WPB: Vietnam significantly increased its bitumen imports from the Middle East last year, driven by more attractive pricing compared to shipments from Asian suppliers. The overall volume of imports experienced year-on-year growth, largely supported by rising demand from incomplete infrastructure projects.
As a country that primarily relies on foreign sources for road construction materials, Vietnam imported approximately 1.14 million tons of bitumen in the previous year, marking a 10% increase compared to 1.04 million tons the year before, according to trade data. The volume of bitumen imported specifically from the Middle East reached 382,000 tons, reflecting an impressive 49% rise compared to the prior year.

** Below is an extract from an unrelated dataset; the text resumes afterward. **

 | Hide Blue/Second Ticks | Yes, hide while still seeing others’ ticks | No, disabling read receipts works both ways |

The expansion in import volumes was closely linked to the surge in ongoing infrastructure projects, particularly highway construction, which intensified in the latter half of the year. However, some industry insiders emphasized that price competitiveness played a crucial role in determining trade flows and sourcing preferences.

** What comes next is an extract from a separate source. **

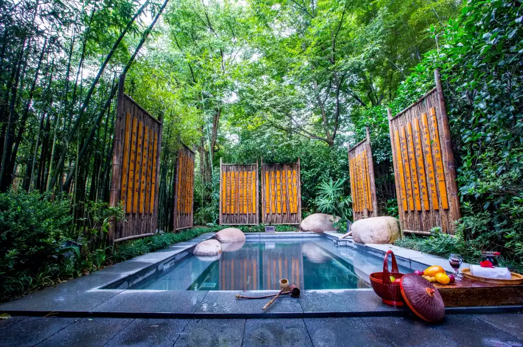 In Liyang, Jiangsu Province, the Yu Shui Hot Springs at Tianmu Lake are not only a national 5A-level scenic spot but also a rare calcium bicarbonate hot spring in East China. The Bamboo Valley Hotel is located in the valley between the Yu Shui Hot Springs and the Nanshan Bamboo Sea.

“The pricing environment is the primary factor influencing where imports originate,” stated a Vietnamese importer.
Throughout the year, bulk bitumen shipments from Iran were consistently priced at a discount of around $131 per ton compared to Singapore’s benchmark ABX 1 bitumen prices. The gap became even more pronounced between August and October, when supply shortages caused by production reductions pushed Singapore’s seaborne prices higher, leading to Middle East cargoes being traded at discounts ranging from $160 to $180 per ton. Meanwhile, shipping costs for transporting bitumen from the Middle East to Vietnam were estimated at $120 per ton, according to market sources.
However, Vietnam’s prolonged adverse weather conditions suppressed demand during most of the year, particularly until the final quarter, preventing domestic prices from increasing. This situation further encouraged local buyers to seek more affordable Middle Eastern cargoes instead of higher-priced alternatives from other regions.
According to an importer, buyers only turned to suppliers from other Asian countries when specific material specifications were required, otherwise, there was little incentive to import from elsewhere.
Trade data revealed that imports from Singapore totaled 383,000 tons, reflecting a 13% increasefrom the previous year. In contrast, shipments from China and South Korea experienced sharp declines, falling by 44% and 60%, respectively.
Higher seaborne prices and elevated freight costs from both China and South Korea further discouraged Vietnamese buyers from sourcing bitumen from these markets, industry participants noted.
Looking ahead to 2025, expectations remain optimistic, with bitumen demand projected to remain steady to strong, driven by the continuation of infrastructure development. Import volumes are expected to range between 1 million and 1.3 million tons.
Additionally, the faster allocation of project funds has facilitated a smoother financial flow for contractors, enabling them to accelerate road construction.